- Also known as: The $25,000 Great Temptation
- Genre: Game Show
- Presented by: Tony Barber (Host); Barbara Rogers (co-host);
- Announcer: Max Rowley
- Country of origin: Australia
- Original language: English

Production
- Production locations: Adelaide, South Australia; Melbourne, Victoria ^{[citation needed]}
- Running time: 30 minutes
- Production company: Grundy Productions

Original release
- Network: Seven Network
- Release: June 1, 1970 – 1974

Related
- Sale of the Century

= Great Temptation =

Australian game show

Great Temptation is an Australian game show, produced by Reg Grundy Productions Pty. Ltd., that aired on the Seven Network from 1970 until 1974. It was hosted by Tony Barber and co-hosted by Barbara Rogers.

In addition to the daytime series known simply as (New World) Temptation, a prime time version titled $25,000 Great Temptation premiered on 5 July 1971. It initially aired once a week, but later expanded to airing twice a week in 1972 and five nights a week in 1973 and 1974.

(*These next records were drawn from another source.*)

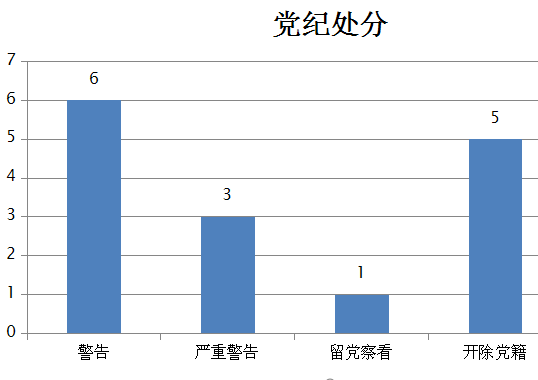 1-6月共结案18件,给予党纪处分15人:警告6人,严重警告3人,留党察看1人,开除党籍5人。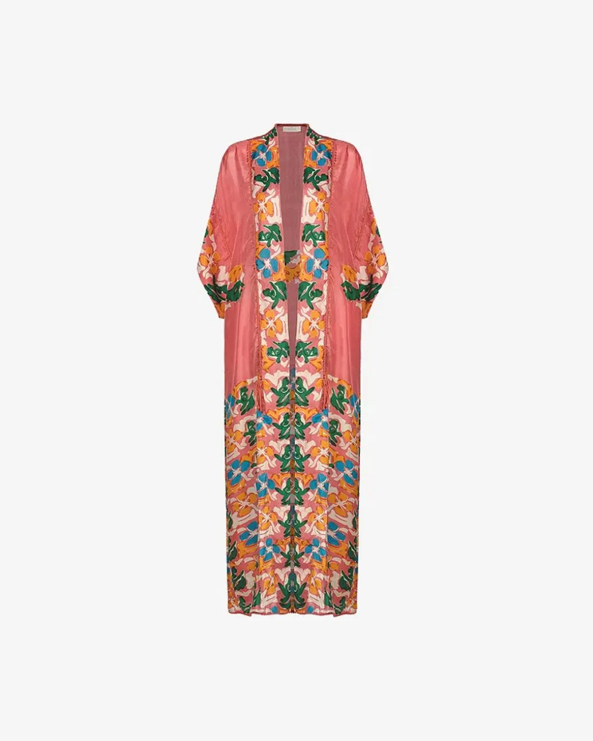 Long Kimono En Soie Rose Avec Imprimé Placé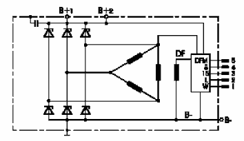 У генератора имеется два контактных вывода В+, внутренне соединенные друг с другом. В+1 подсоединен к клемме 30 на стартере. Контактный вывод В+2 НЕ подсоединен. Контактный вывод В- («масса») соединен с корпусом генератора.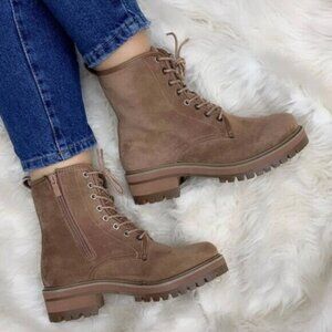 Fall and winter faux-suede combat boots. These trendy lace-up boots look great paired with skinny jeans, slim-cut jeans, or even midi skirts! Versatile pair.
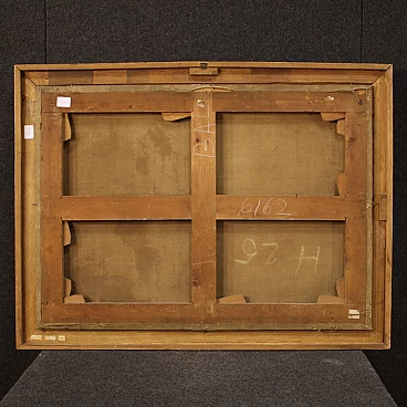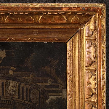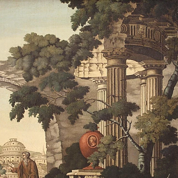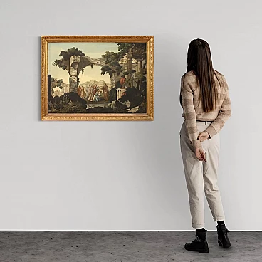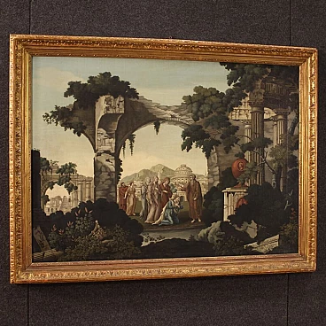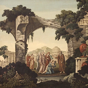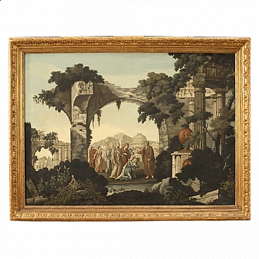 Old English painting dated 1762. Oil on canvas work initialed at lower left "J. B. J.," referable to John Baptist Jackson (1701 - 1780); lacking authentication. Depicting a religious subject, specifically the Baptism of Lydia by St. Paul in the city of Thyatira. Painting of excellent painterly hand, richly decorated on the front and in the background. Painting that has an inscription by the painter in the lower right-hand corner - "Ch. XVI, Ver. 14,15,16,17" (see photo) - referring to the biblical scene he depicted. Non-coeval, 20th-century wooden frame, nicely carved and gilded. Painting characterized by fabulous perspective, finely embellished with classical ruins, for antiquarians, interior decorators and collectors of sacred art. Painting that underwent conservation restoration, frame replacement and has been restretched during the 20th century. In good condition. Size without frame: 66 x 92 cm.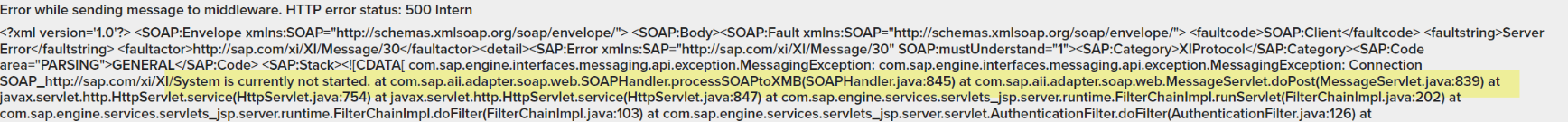 Error message: "HTTP error status: 500 Intern - System is currently not started "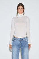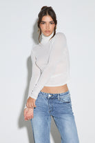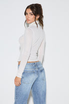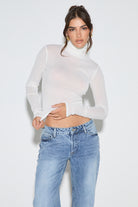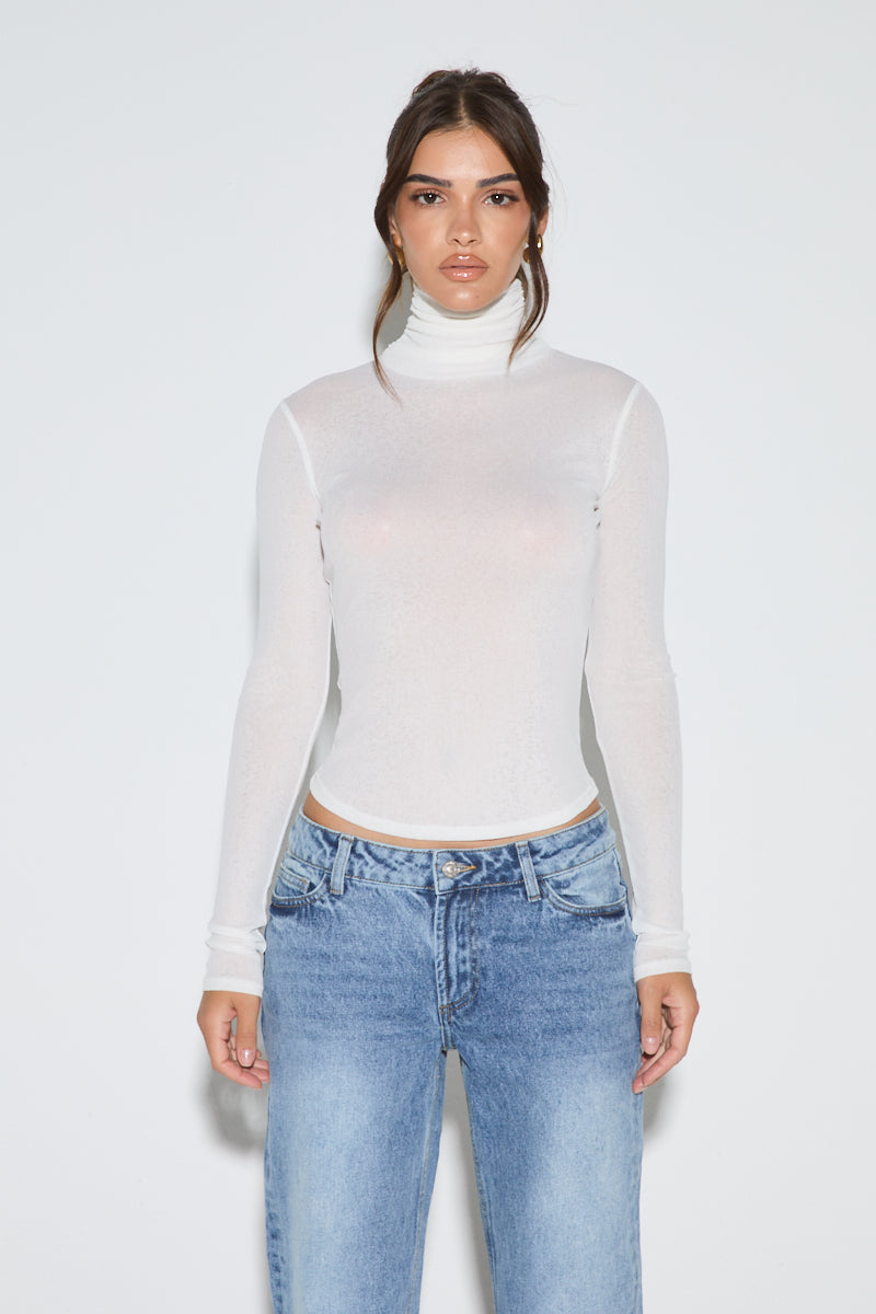 Elevate your wardrobe with our GINA White Fine Knit Polo Neck. Crafted with a sheer knit, this classic basic exudes an air of sophistication. Perfect for layering or wearing on its own.

Reg Grundy was inspired by the original Sale of the Century that first aired in the United States in 1969, but he did not gain full rights to produce his own Australian version of Sale until 1980, which ran for 21 years. The similar format of Great Temptation was a quiz with three contestants who gained a dollar amount for each correct answer. At regular times during the show, the leading contestant was able to "buy" a valuable prize for a small nominal amount that was deducted from their score. That prize remained theirs regardless of their success on the show. The winner of each episode was able to return the next day or take a major prize and leave. The major prizes at the end of each show accumulated but were lost if the contestant was beaten on a subsequent show.

For much of its production run Great Temptation, along with Temptation, was filmed at the Mobbs Lane studios of Channel 7 in Sydney. Questions for both shows were written by George Black who had been a very successful contestant, and later a question writer, for Bob Dyer's Pick A Box, which was replaced by Great Temptation in the Monday evening timeslot when Dyer's long running show came to an end in 1971.

Contestants who won all the prizes on Great Temptation included Rona Collings, a doyenne of Australian quiz shows since radio days, and Fran Powell who later served as a question writer and adjudicator for Sale of The Century. Both had earlier appeared on the daytime Temptation show.

According to Barber, a contestant died onstage during the taping of a 1970s episode of Great Temptation. Barber congratulated her on winning the game; she then slumped over and the production staff cleared the studio and called paramedics. That episode was not broadcast.

"No one was very sure at first because she'd actually won the game. I said: 'Congratulations Valerie, you've won!' and she slopped. There was a bit of confusion; we cleared the studio and the doctors were called. I said 'how is she? She seems passed out,' and he said: 'Tony, she's passed on.' It was awful and very upsetting for everyone there."
— Tony Barber

The first jackpot-winning show was photographed by Ron Wormwell. Ron, a semi-professional photographer, was then-husband of Channel 7 Adelaide Publicist, Judy, and often called upon at short notice to capture publicity stills.